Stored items
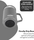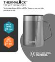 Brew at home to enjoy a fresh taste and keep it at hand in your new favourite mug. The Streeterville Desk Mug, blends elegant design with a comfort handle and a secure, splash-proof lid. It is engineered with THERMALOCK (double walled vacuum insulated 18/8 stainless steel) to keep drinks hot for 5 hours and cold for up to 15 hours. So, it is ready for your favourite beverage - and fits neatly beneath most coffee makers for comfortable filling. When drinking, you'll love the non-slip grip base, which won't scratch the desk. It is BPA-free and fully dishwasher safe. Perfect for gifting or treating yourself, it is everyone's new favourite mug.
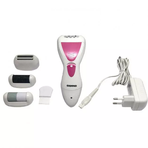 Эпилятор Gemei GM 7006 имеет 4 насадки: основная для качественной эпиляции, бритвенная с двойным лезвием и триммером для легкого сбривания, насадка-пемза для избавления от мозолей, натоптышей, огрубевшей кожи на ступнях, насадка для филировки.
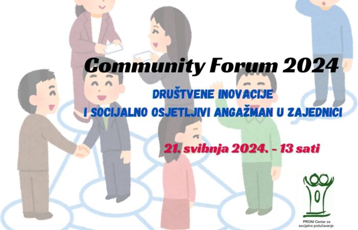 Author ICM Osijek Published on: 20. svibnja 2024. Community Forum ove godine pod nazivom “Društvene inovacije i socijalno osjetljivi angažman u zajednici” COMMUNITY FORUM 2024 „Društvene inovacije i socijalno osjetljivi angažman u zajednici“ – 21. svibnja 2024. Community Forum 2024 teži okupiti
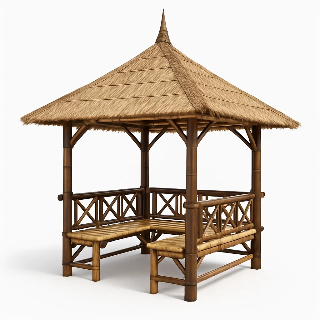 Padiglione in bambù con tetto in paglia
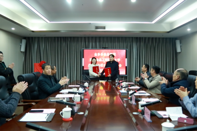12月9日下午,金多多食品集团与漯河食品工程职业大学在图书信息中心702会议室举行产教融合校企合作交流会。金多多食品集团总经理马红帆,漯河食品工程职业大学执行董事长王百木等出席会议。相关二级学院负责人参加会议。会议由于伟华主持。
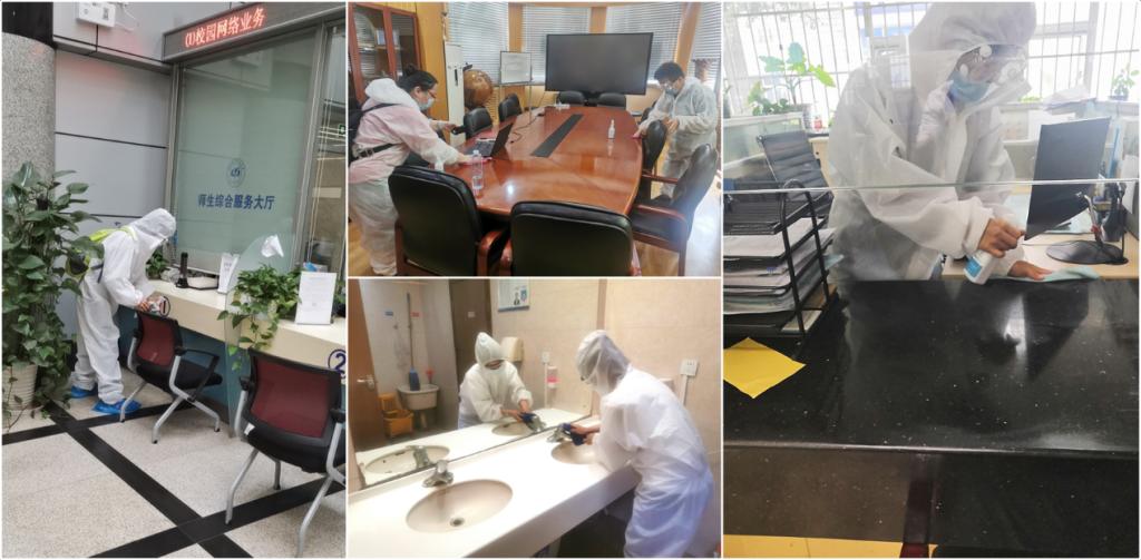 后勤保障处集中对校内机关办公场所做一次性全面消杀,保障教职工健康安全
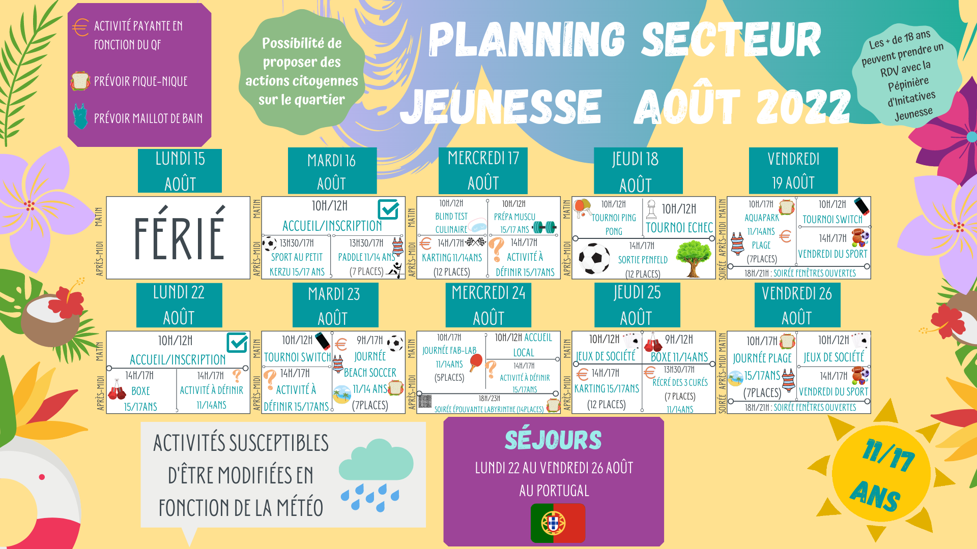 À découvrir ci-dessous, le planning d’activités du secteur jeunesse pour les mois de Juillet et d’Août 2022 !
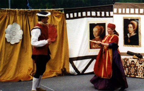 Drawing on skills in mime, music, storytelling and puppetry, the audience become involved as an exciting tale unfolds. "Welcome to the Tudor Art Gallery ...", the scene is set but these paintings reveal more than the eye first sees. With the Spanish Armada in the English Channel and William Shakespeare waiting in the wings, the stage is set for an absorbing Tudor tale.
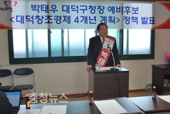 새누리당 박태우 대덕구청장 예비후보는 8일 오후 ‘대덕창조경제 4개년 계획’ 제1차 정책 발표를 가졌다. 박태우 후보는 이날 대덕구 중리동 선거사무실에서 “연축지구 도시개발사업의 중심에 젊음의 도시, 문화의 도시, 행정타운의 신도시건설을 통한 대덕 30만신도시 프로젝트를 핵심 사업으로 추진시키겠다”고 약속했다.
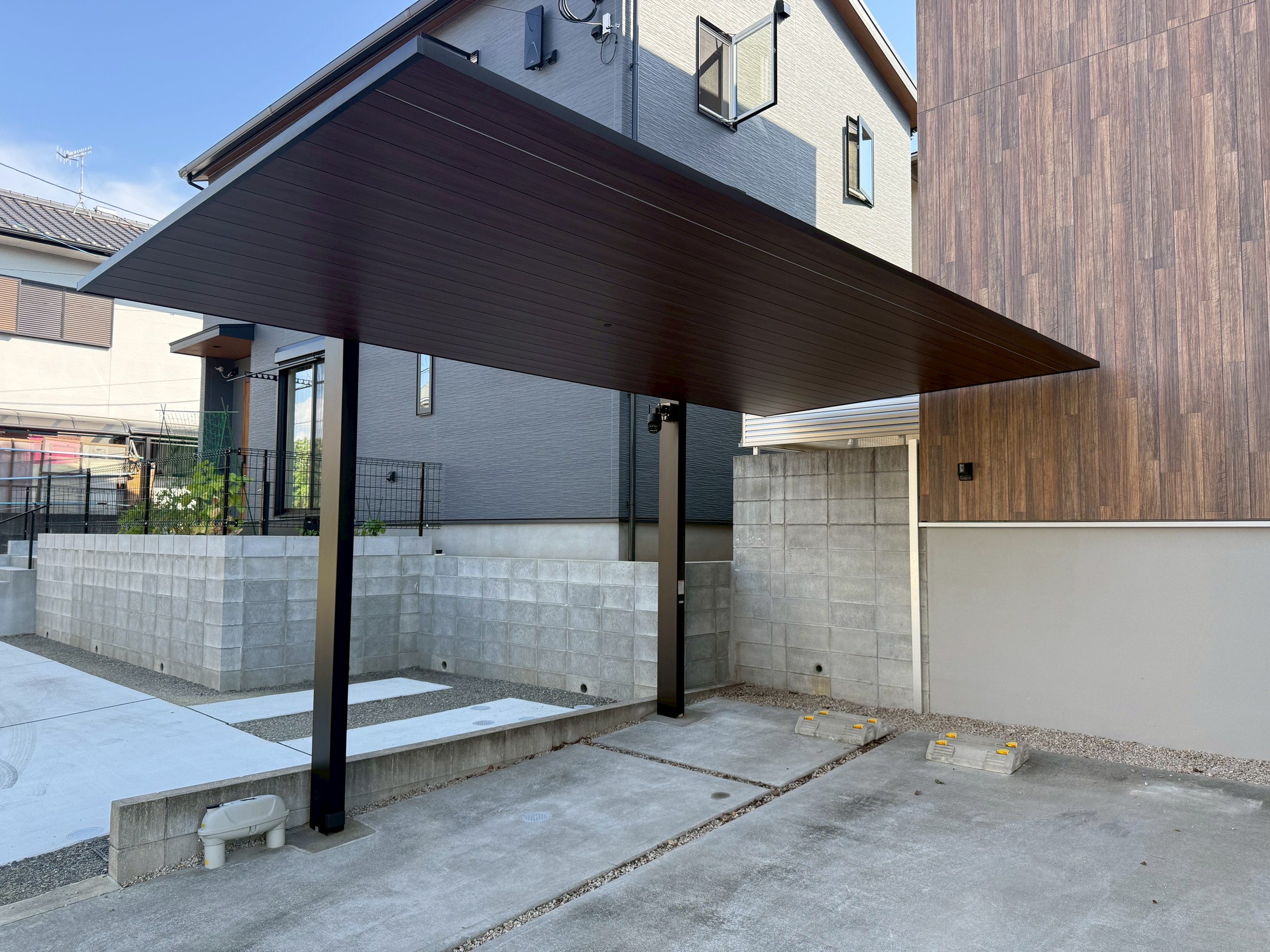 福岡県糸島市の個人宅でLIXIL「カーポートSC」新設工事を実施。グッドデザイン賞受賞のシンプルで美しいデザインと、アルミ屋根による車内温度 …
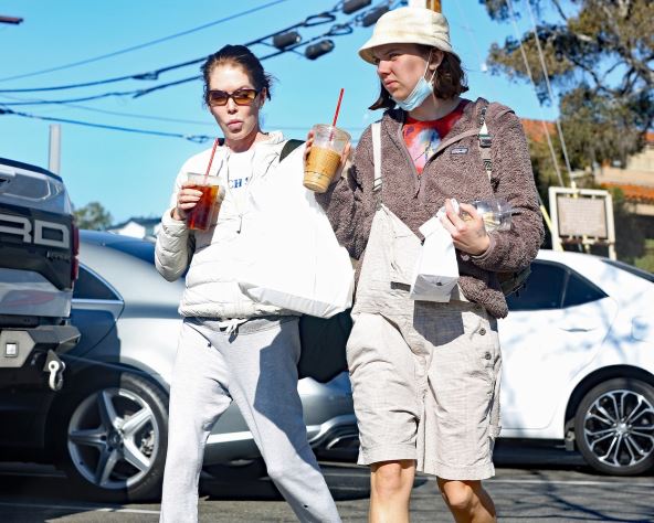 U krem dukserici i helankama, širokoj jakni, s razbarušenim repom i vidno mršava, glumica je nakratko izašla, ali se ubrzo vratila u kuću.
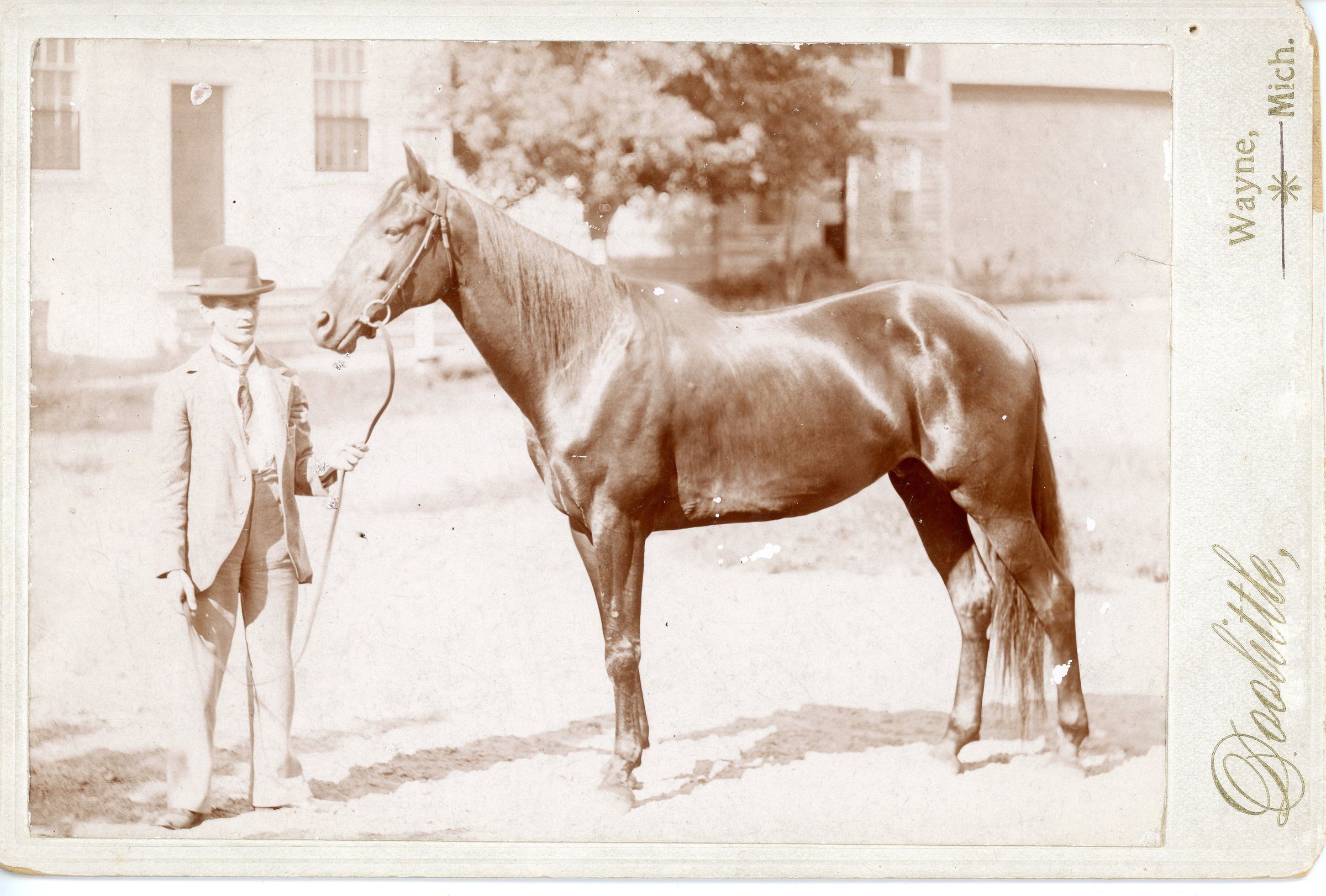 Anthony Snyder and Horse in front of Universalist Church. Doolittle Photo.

**Your assignment**:
Output all the entries exactly, minus any pictures.

**Answer to this exercise**:
 Brew at home to enjoy a fresh taste and keep it at hand in your new favourite mug. The Streeterville Desk Mug, blends elegant design with a comfort handle and a secure, splash-proof lid. It is engineered with THERMALOCK (double walled vacuum insulated 18/8 stainless steel) to keep drinks hot for 5 hours and cold for up to 15 hours. So, it is ready for your favourite beverage - and fits neatly beneath most coffee makers for comfortable filling. When drinking, you'll love the non-slip grip base, which won't scratch the desk. It is BPA-free and fully dishwasher safe. Perfect for gifting or treating yourself, it is everyone's new favourite mug.
 Эпилятор Gemei GM 7006 имеет 4 насадки: основная для качественной эпиляции, бритвенная с двойным лезвием и триммером для легкого сбривания, насадка-пемза для избавления от мозолей, натоптышей, огрубевшей кожи на ступнях, насадка для филировки.
 Author ICM Osijek Published on: 20. svibnja 2024. Community Forum ove godine pod nazivom “Društvene inovacije i socijalno osjetljivi angažman u zajednici” COMMUNITY FORUM 2024 „Društvene inovacije i socijalno osjetljivi angažman u zajednici“ – 21. svibnja 2024. Community Forum 2024 teži okupiti
 Padiglione in bambù con tetto in paglia
12月9日下午,金多多食品集团与漯河食品工程职业大学在图书信息中心702会议室举行产教融合校企合作交流会。金多多食品集团总经理马红帆,漯河食品工程职业大学执行董事长王百木等出席会议。相关二级学院负责人参加会议。会议由于伟华主持。
 后勤保障处集中对校内机关办公场所做一次性全面消杀,保障教职工健康安全
 À découvrir ci-dessous, le planning d’activités du secteur jeunesse pour les mois de Juillet et d’Août 2022 !
 Drawing on skills in mime, music, storytelling and puppetry, the audience become involved as an exciting tale unfolds. "Welcome to the Tudor Art Gallery ...", the scene is set but these paintings reveal more than the eye first sees. With the Spanish Armada in the English Channel and William Shakespeare waiting in the wings, the stage is set for an absorbing Tudor tale.
 새누리당 박태우 대덕구청장 예비후보는 8일 오후 ‘대덕창조경제 4개년 계획’ 제1차 정책 발표를 가졌다. 박태우 후보는 이날 대덕구 중리동 선거사무실에서 “연축지구 도시개발사업의 중심에 젊음의 도시, 문화의 도시, 행정타운의 신도시건설을 통한 대덕 30만신도시 프로젝트를 핵심 사업으로 추진시키겠다”고 약속했다.
 福岡県糸島市の個人宅でLIXIL「カーポートSC」新設工事を実施。グッドデザイン賞受賞のシンプルで美しいデザインと、アルミ屋根による車内温度 …
 U krem dukserici i helankama, širokoj jakni, s razbarušenim repom i vidno mršava, glumica je nakratko izašla, ali se ubrzo vratila u kuću.
 Anthony Snyder and Horse in front of Universalist Church. Doolittle Photo.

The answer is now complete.